----- THE DATA

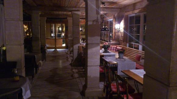 Überdachte Terrasse am Abend
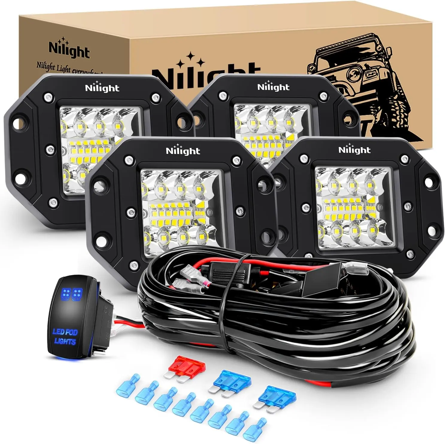 ·Excellent Brightness: With added led quantities, triple row design, and combination of flood &spot beam, the flush mount light pods emits a better and perfect 7800LM light to light up the entire road ahead of you, excellent visibility, no more afraid of darkness
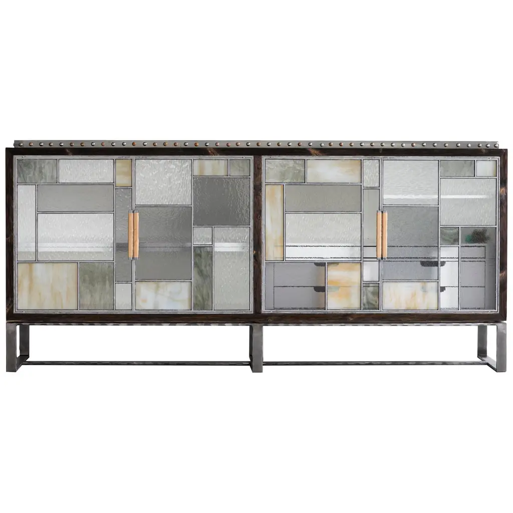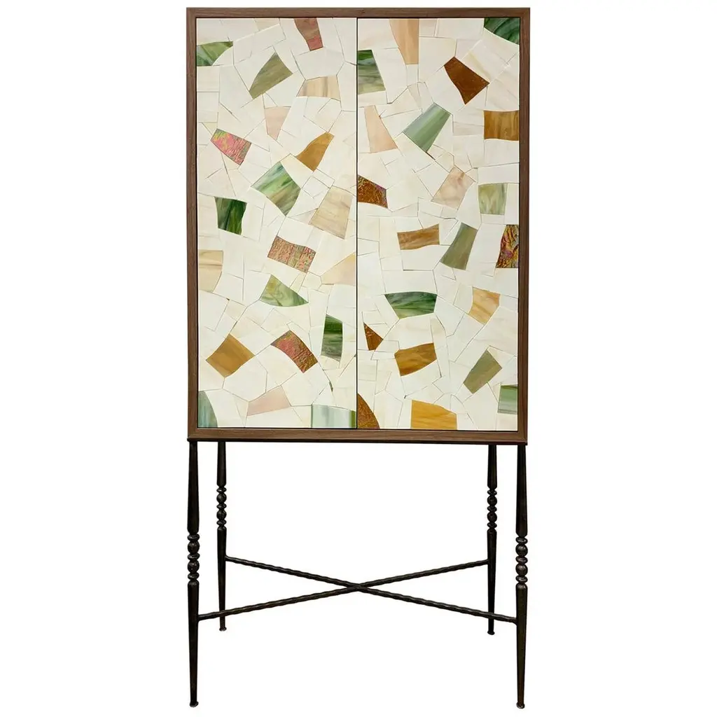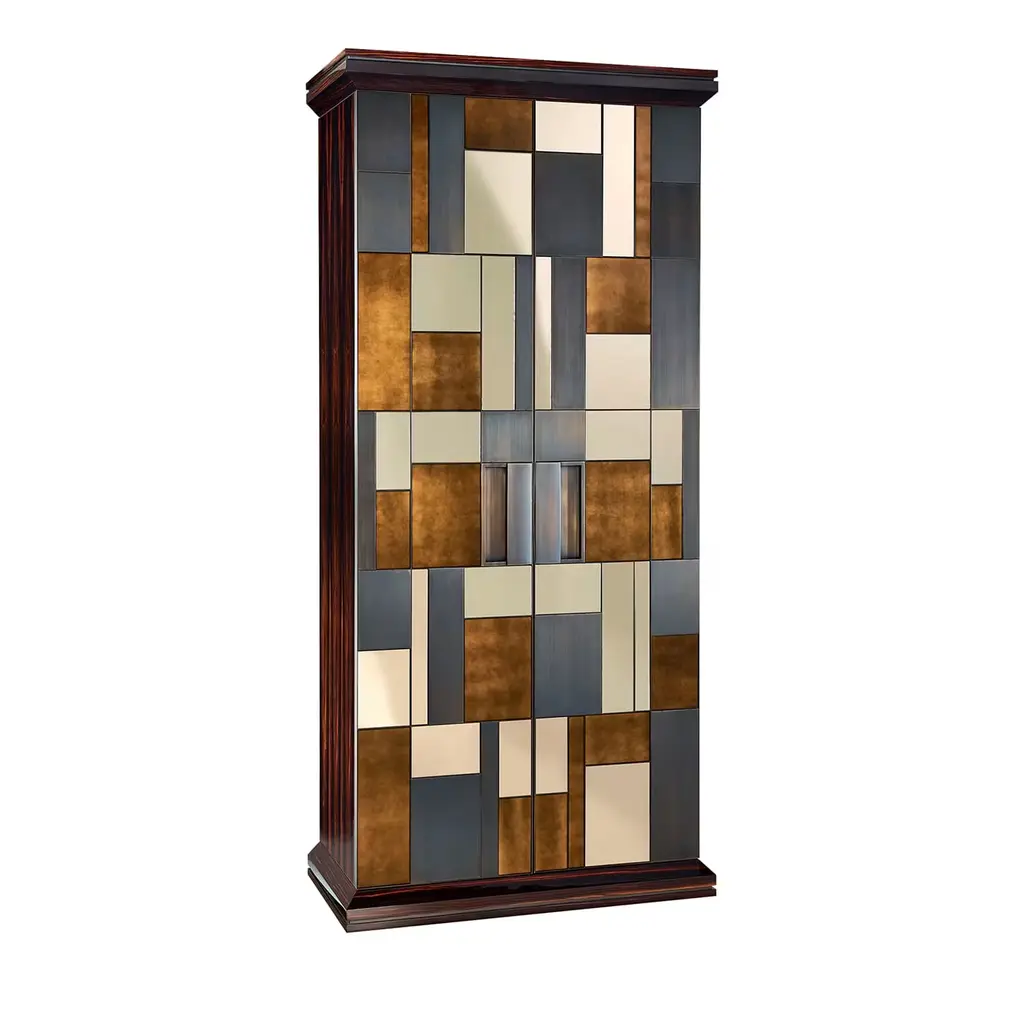 Sicis was born from an intuition: to recover the artistic mosaic from the limbo of history, bringing it to the present age. A cabinet in layered wood panel, with top, size and base in lacquered-polished ebony. Internal parts are in lacquered orange, drawers in bronze, silver mirror and border in bronzed brass. Central doors sre decorated with Colibrì mosaic.

----------

▶ **WORK REQUEST**
Beginning with the line that contains "afraid of darkness" in the data above, please copy each line exactly until the last line, both ends included, skipping any pictures.

▶ **RESULT OF THIS TASK**
 ·Excellent Brightness: With added led quantities, triple row design, and combination of flood &spot beam, the flush mount light pods emits a better and perfect 7800LM light to light up the entire road ahead of you, excellent visibility, no more afraid of darkness
 Sicis was born from an intuition: to recover the artistic mosaic from the limbo of history, bringing it to the present age. A cabinet in layered wood panel, with top, size and base in lacquered-polished ebony. Internal parts are in lacquered orange, drawers in bronze, silver mirror and border in bronzed brass. Central doors sre decorated with Colibrì mosaic.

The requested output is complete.